April 28, 2005

NOT UNSELECTED AFTER ALL:

Woodpecker Thought to Be Extinct Is Sighted in Arkansas (JAMES GORMAN, 4/28/05, NY Times)

The ivory-billed woodpecker, a magnificent bird that ornithologists had long given up for extinct, has been sighted in the watery tupelo swampland of a wildlife refuge in Arkansas, scientists announced today.

The birders, ornithologists, government agencies and conservation organizations involved had kept the discovery secret for more than a year, while efforts to protect the bird and its territory went into high gear. Their announcement today provoked rejoicing and excitement among birdwatchers, for whom the ivory bill has long been a holy grail: a creature that has been called the Lord God bird, apparently because when people saw it they would be so impressed they would utter an involuntary "Lord God!"

"This great chieftain of the woodpecker tribe," as John James Audubon described the ivory bill - with its 30-inch wingspan, stunning black and white coloration with red on the male's cockade and a long, powerful bill - was once found in hardwood swamps and bottom land through the Southeast. As the forests were logged the numbers of birds decreased, until the ivory bill, the largest American woodpecker, faded from view. The last documented sighting was in Louisiana in 1944.

Though it appeared lost, the ivory bill haunted birders and ornithologists and others, and over the years there were dozens of reports of sightings. But each effort was unmasked as a hoax or wishful thinking - until Feb. 11, 2004.

On that date Gene M. Sparling III, an amateur birdwatcher from Hot Springs, Ark., sighted a large woodpecker with a red crest in the Cache River National Wildlife Refuge, about 60 miles northeast of Little Rock. Tim W. Gallagher at the Cornell Laboratory of Ornithology, author of a new book about the ivory bill, "The Grail Bird," saw Mr. Sparling's report on a Web site, and within two weeks he and Bobby R. Harrison of Oakwood College in Huntsville, Ala., were in a canoe in the refuge, with Mr. Sparling guiding them.


They just don't make extinctions like they used to.

Posted by Orrin Judd at April 28, 2005 04:10 PM
Comments

Obviously some other bird realized that if it were to adjust its genes, it would get its personal protected wetland.

Posted by: Daran at April 28, 2005 04:17 PM

Good to know that they're still are peckers in the swamps of Arkansas, even with Clinton in New York now.

Posted by: Steve at April 28, 2005 05:28 PM

It's good to see the New York Times writing about 'peckers in Arkansas again. I guess it's been long enough since Clinton's impeachment.

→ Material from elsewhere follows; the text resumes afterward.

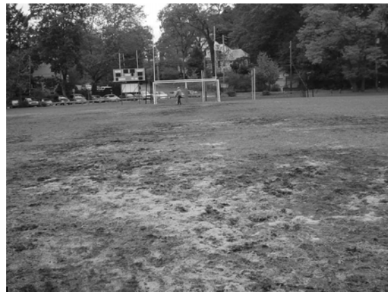
Chamber's field after some normal use...a little messy and muddy! This will all change with the new Turf surface!

If you are interested in donating to the Turf Field project, you can send a check made out to the "Broncos Fields Project—Bronxville School Foundation" to the Bronxville School Foundation, 177 Pondfield Road, Bronxville, NY 10708. Any donations would be appreciated.

Posted by: Steve at April 28, 2005 05:31 PM

"They just don't make extinctions like they used to."

How do you know?

Posted by: creeper at April 29, 2005 08:26 AM

Observation and Experimentation--you guys should try it sometime.

Posted by: oj at April 29, 2005 08:44 AM

OJ apparently has no idea about the limitations revolving around proving a negative.

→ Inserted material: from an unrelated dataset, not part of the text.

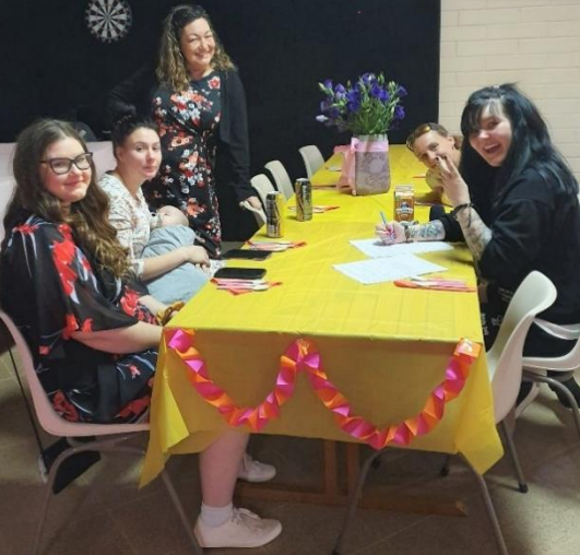
"Sisters" enjoying the IWD Event!

Logic--OJ should try it sometime.

Posted by: Jeff Guinn at April 29, 2005 09:36 AM

Jeff:

I understand it perfectly well. It's what makes Darwinism a religion not a science--because the negative can never be proven it can never be disproven, despite the lack of any positive proof.

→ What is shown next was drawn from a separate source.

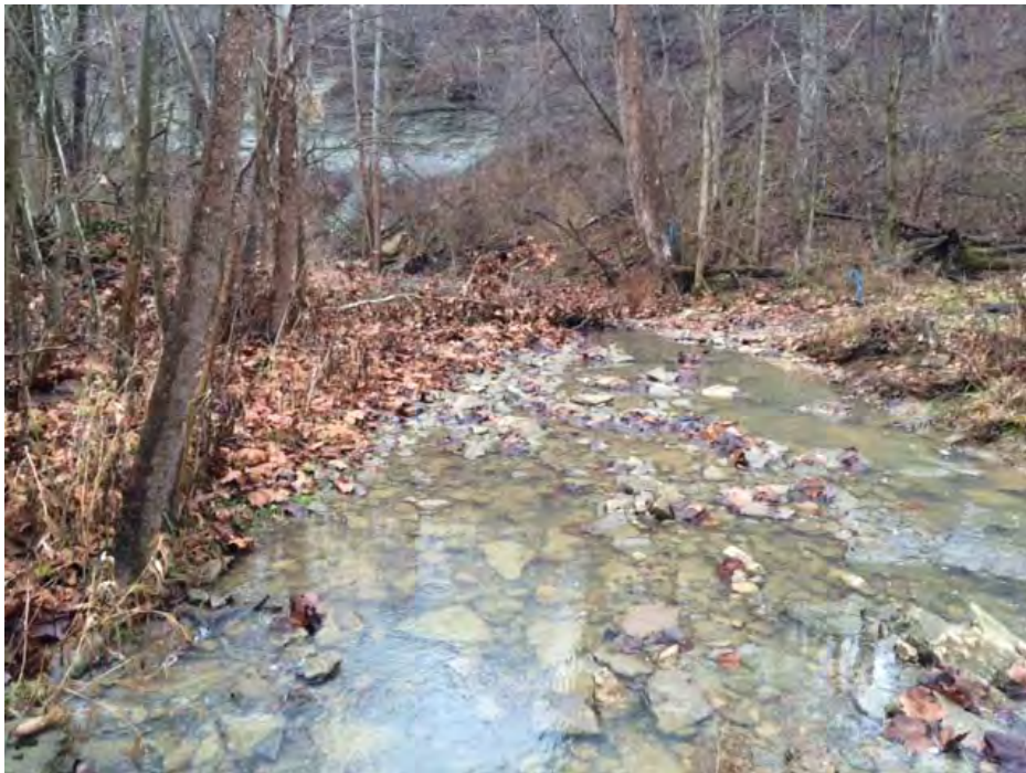
Photo Location 11. View of Stream 9. Photograph taken facing downstream/south.

Posted by: oj at April 29, 2005 09:42 AM

NPR has been going on about this bird for a couple of years now (previously, they went on an expedition into the La swamps to find one). I have to admit I don't get it. Are they particularly delicious?

Posted by: David Cohen at April 29, 2005 12:13 PM

OJ:

There are a good half dozen ways in which Evolution (as distinguished from your strawman "Darwinism") could be completely, emphatically, disproven.

What's more the lack of disproof acts as positive proof--not of Evolution's Truth, but of its truth (internally consistent, possessing definitive deductive consequences.)

Posted by: Jeff Guinn at April 29, 2005 01:29 PM

"the lack of disproof acts as positive proof"

You guys slay me.

Posted by: oj at April 29, 2005 01:35 PM

We're down to 2 po`oulis in my neighborhood, one boy and one girl, but they don't seem to care for each other.

So they'll be extinct in a year or so.

We're the extinction capital of the world. My friend Bob Hobdy, who gets out a lot more than Orrin, discovered three species of tree during his years working for the state that were, by the time he found them, down to one individual each and not reproducing.

Posted by: Harry Eagar at April 29, 2005 06:22 PM

Intelligent Design in action.

Posted by: oj at April 29, 2005 06:26 PM

"Observation and Experimentation--you guys should try it sometime."

An animal was thought to be extinct, but then it turned out it wasn't. This has never happened before? Which observations and experiments make you think that?